- Task description: Leaving out all pictures, transcribe the lines below exactly, from the first through the line containing "深蓝,夜空,柔和,梦幻,唯美,自然,静谧,点缀,浪漫,蓝玫瑰".

- Given material:
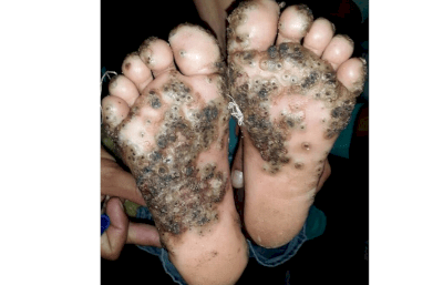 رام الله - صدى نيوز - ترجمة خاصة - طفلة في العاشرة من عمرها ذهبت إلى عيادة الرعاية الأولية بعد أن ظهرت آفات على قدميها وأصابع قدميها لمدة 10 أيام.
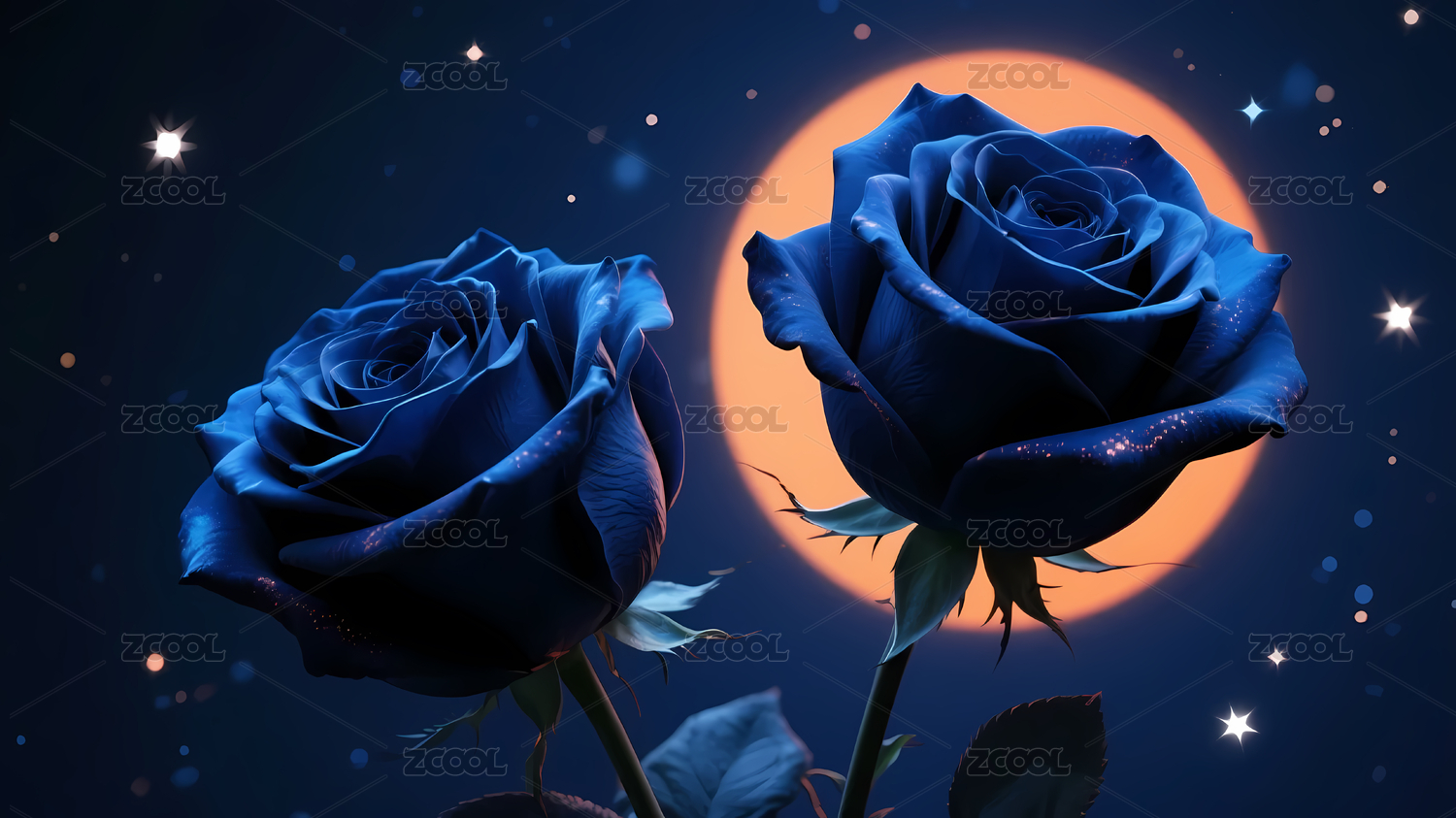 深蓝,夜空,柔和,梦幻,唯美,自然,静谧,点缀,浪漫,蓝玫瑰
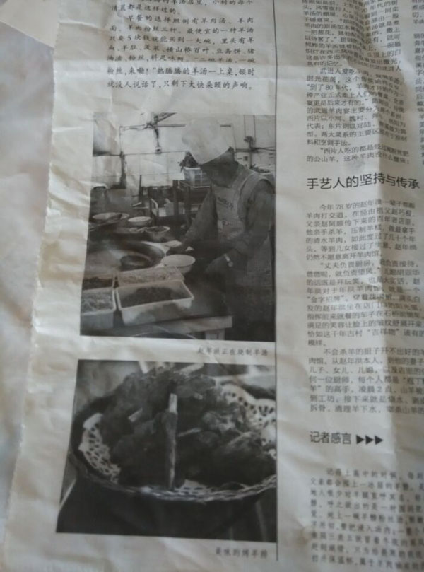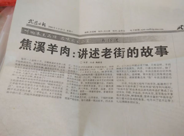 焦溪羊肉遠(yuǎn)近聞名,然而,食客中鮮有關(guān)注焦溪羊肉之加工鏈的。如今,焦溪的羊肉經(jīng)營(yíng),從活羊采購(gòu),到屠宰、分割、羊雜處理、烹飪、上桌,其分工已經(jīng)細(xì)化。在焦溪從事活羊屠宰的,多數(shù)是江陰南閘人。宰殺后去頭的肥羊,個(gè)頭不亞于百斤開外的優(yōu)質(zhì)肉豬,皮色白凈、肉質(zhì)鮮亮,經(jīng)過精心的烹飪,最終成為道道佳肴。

- Your solution:
 رام الله - صدى نيوز - ترجمة خاصة - طفلة في العاشرة من عمرها ذهبت إلى عيادة الرعاية الأولية بعد أن ظهرت آفات على قدميها وأصابع قدميها لمدة 10 أيام.
 深蓝,夜空,柔和,梦幻,唯美,自然,静谧,点缀,浪漫,蓝玫瑰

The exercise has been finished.